Yes – Cannabis Businesses Have to Report Income To IRS And Pay Taxes!

While the sale of cannabis is legal in California as well as in a growing number of states, cannabis remains a Schedule 1 narcotic under Federal law, the Controlled Substances Act. As such businesses in the cannabis industry are not treated like ordinary businesses. Despite state laws allowing cannabis, it remains illegal on a federal level but cannabis businesses are obligated to pay federal income tax on income because I.R.C. §61(a) does not differentiate between income derived from legal sources and income derived from illegal sources.

While most expenses cannot be deducted under IRC Sec. 280E, IRC Sec. 280E does allow a cannabis business to deduct its Cost Of Goods Sold (“COGS”). Cost of goods sold are the direct costs attributable to the production of goods. For a marijuana reseller this includes the cost of cannabis itself and transportation used in acquiring cannabis. To the extent greater costs of doing business can be legitimately included in COGS that will that result in lower taxable income.
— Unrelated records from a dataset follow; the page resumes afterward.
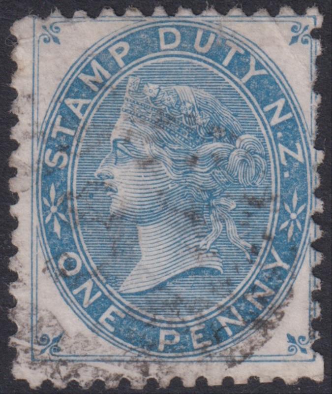 1878 1d QV Stamp Duty blue, o/c, slight gum discolouration, faint toned perfs. Jury cat $600. Mint.
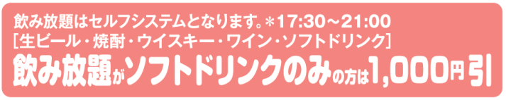 | 料金 | お一人様 5,500円(税込)料理6品~ *ソフトドリンク飲み放題の方は1,000円引き |
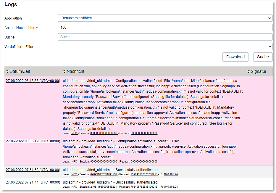 More details can be looked up in the Airlock IAM Adminapp. Change to the Adminapp browser tab and select Logs in the left navigation column. This will display the latest log information, where any error logs will appear with a red background color.
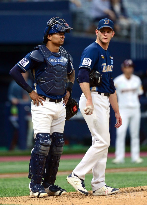 6회말 비디오 판독 때 NC 포수 베탄코트가 마운드에 올라 루친스키와 이야기하고 있다.
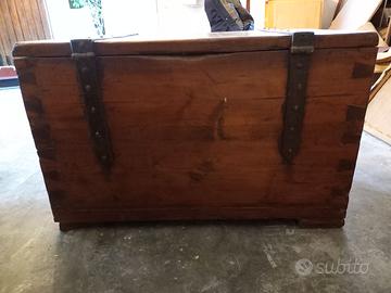 Baule forziere per contenere oggeti di valore. D'epoca, restaurato raro. Con chiave. Ritiro a mano. Alt. cm 58,5, larg. 90, prof, 53
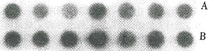 图4 PDGF-AAmRNA斑点杂交图(A:10 μl,B:20 μl)
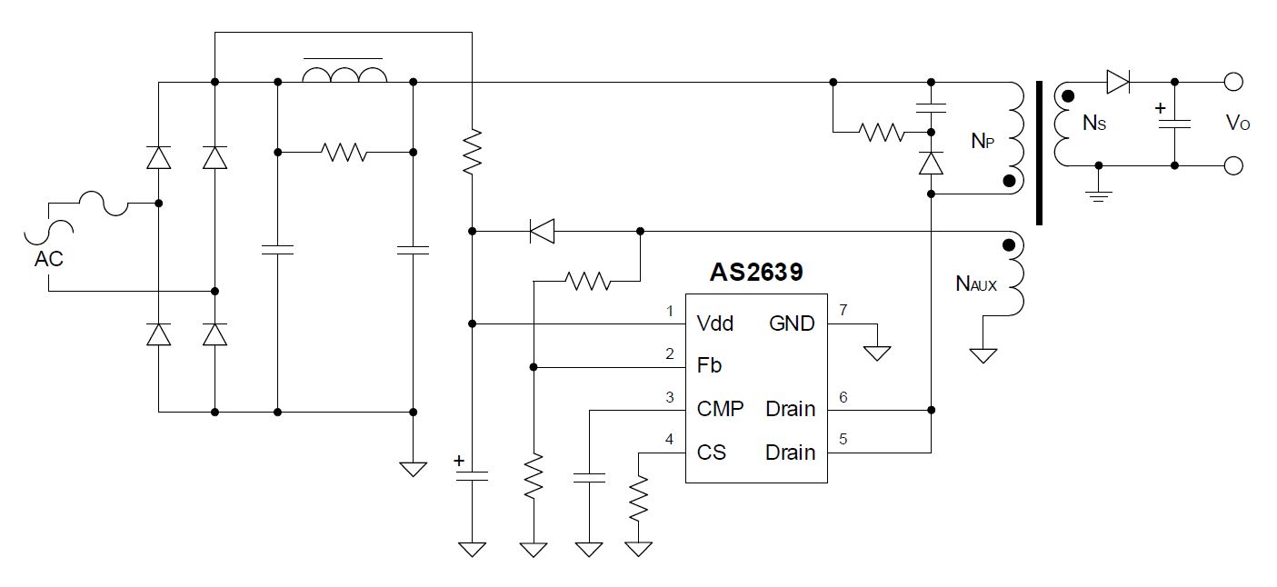 AS2639 提供全面的保護,包括開環保護、短路保護、逐周期限流保護、內置前沿消隱、電壓鎖定Vdd(UVLO)等。
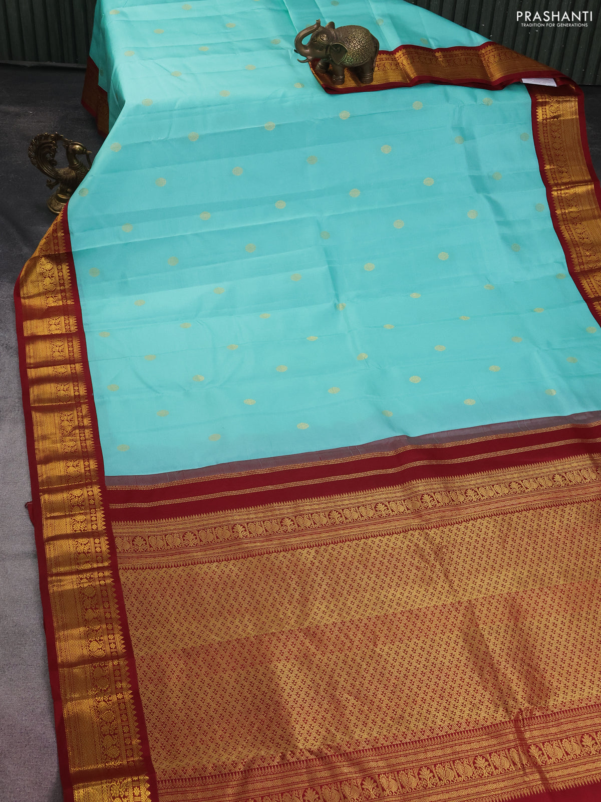 Pure kanchipuram silk saree teal blue and maroon with zari woven buttas and zari woven korvai border

I.R.C. Section 280E IRS Tax Audits

It is no surprise that cannabis businesses are proliferating as more States legalize cannabis and make available licenses to grow, manufacture, distribute and sell cannabis. The IRS recognizes this and it is making these cannabis businesses face Federal income tax audits. IRC Sec. 280E is at the forefront of all IRS cannabis tax audits and enforcement of Sec. 280E could result in unbearable tax liabilities.

Proving deductions to the IRS is a two-step process:

  • First, you must substantiate that you actually paid the expense you are claiming.
  • Second, you must prove that an expense is actually tax deductible.

Step One: Incurred And Paid The Expense.

For example, if you claim a $5,000 purchase expense from a cannabis distributor, offering a copy of a bill or an invoice from the distributor (if one is even provided) is not enough. It only proves that you owe the money, not that you actually made good on paying the bill. The IRS accepts canceled checks, bank statements and credit card statements as proof of payment. But when such bills are paid in cash as it typical in a cannabis business, you would not have any of these supporting documents but the IRS may accept the equivalent in electronic form.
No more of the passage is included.